View Source Distributed Execution

This guide explains how to execute Handoff DAGs across multiple Elixir nodes for improved performance and scalability.

prerequisites

Prerequisites

  • A working Elixir cluster with connected nodes
  • Handoff installed on all nodes
  • Basic understanding of Handoff DAGs (see Getting Started)

setting-up-nodes

Setting Up Nodes

Before executing a DAG in a distributed environment, you need to set up your nodes:

# On each node, start Handoff
Handoff.start()

# Register the local node with its capabilities
Handoff.register_local_node(%{
  cpu: 8,        # 8 CPU cores
  memory: 16000, # 16GB memory
  gpu: 1         # 1 GPU unit
})

node-discovery

Node Discovery

Handoff provides automatic node discovery within a connected Erlang cluster:

# Discover all nodes in the cluster and register their capabilities
{:ok, discovered_nodes} = Handoff.discover_nodes()

# See what nodes are available and their resources
IO.inspect(discovered_nodes)
# Example output:
# %{
#   :"node1@192.168.1.100" => %{cpu: 8, memory: 16000, gpu: 1},
#   :"node2@192.168.1.101" => %{cpu: 4, memory: 8000},
#   :"node3@192.168.1.102" => %{cpu: 16, memory: 32000, gpu: 2}
# }

resource-aware-functions

Resource-Aware Functions

To take advantage of distributed execution, define functions with resource requirements:

alias Handoff.Function

# CPU-intensive function
cpu_heavy_fn = %Function{
  id: :cpu_intensive,
  args: [:input_data],
  code: &SomeModule.heavy_computation/1,
  cost: %{cpu: 4, memory: 2000}  # Requires 4 CPU cores, 2GB memory
}

# GPU-accelerated function
gpu_fn = %Function{
  id: :gpu_task,
  args: [:preprocessed_data],
  code: &SomeModule.gpu_computation/1,
  cost: %{gpu: 1, memory: 4000}  # Requires 1 GPU, 4GB memory
}

distributed-execution

Distributed Execution

Execute your DAG across the cluster using execute_distributed:

# Build and validate your DAG
dag =
  Handoff.new()
  |> Handoff.DAG.add_function(source_fn)
  |> Handoff.DAG.add_function(cpu_heavy_fn)
  |> Handoff.DAG.add_function(gpu_fn)
  |> Handoff.DAG.add_function(aggregation_fn)

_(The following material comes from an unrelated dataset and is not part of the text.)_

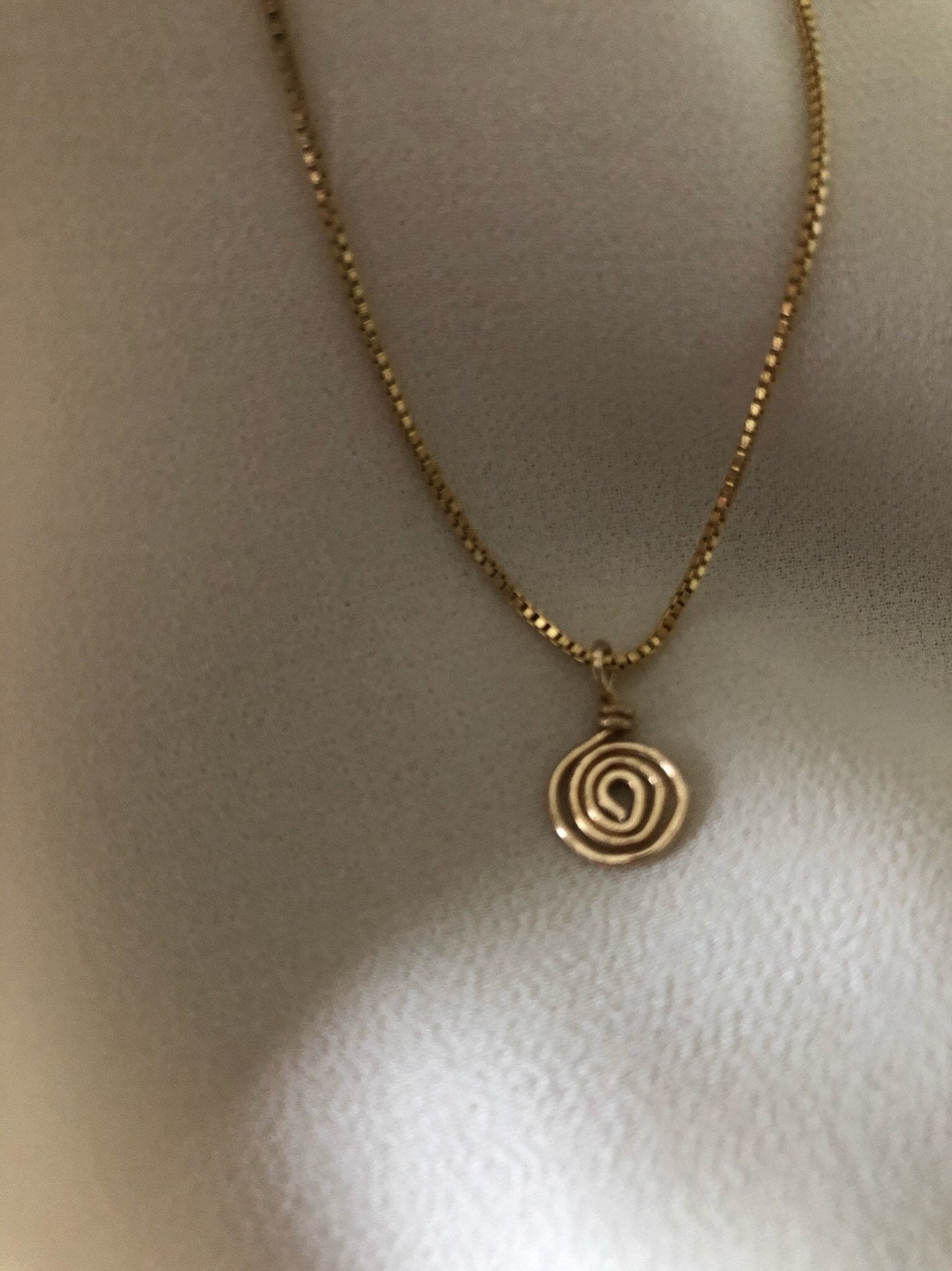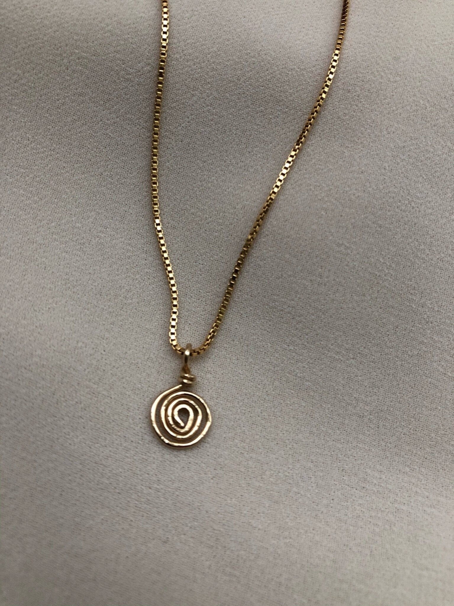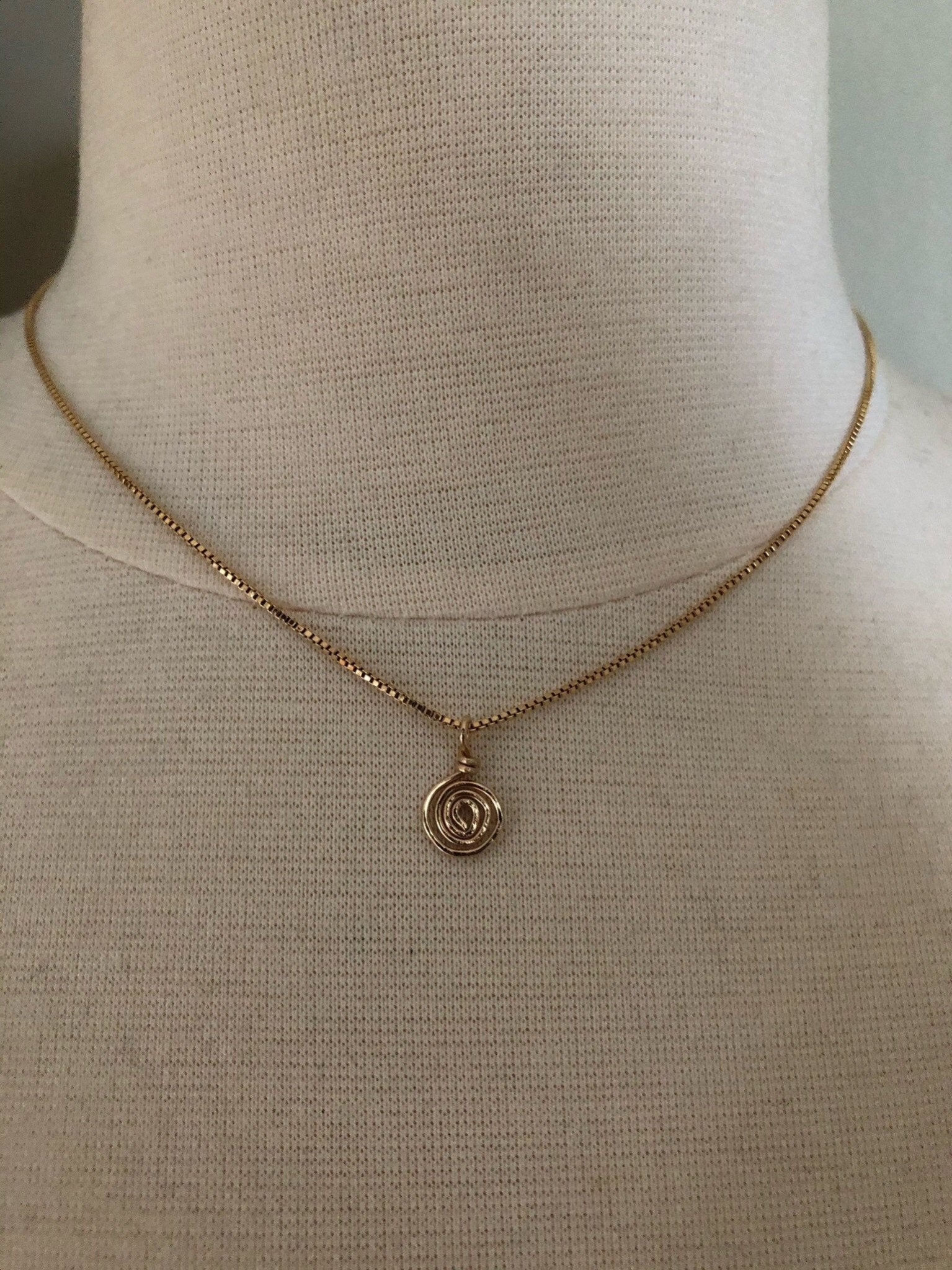 A minimal, 14kt gold filled dainty box chain necklace with a hand sculpted/ hammered mini spiral pendant that can be worn on its own or layered.

:ok = Handoff.DAG.validate(dag)

# Execute the DAG across the cluster
{:ok, results} = Handoff.execute_distributed(dag, max_retries: 3)

fault-tolerance

Fault Tolerance

Distributed execution in Handoff includes automatic fault tolerance:

  • Task retry on failure (configurable with max_retries)
  • Node failure detection
  • Result synchronization across nodes

If a node fails during execution, its tasks will be reassigned to other suitable nodes.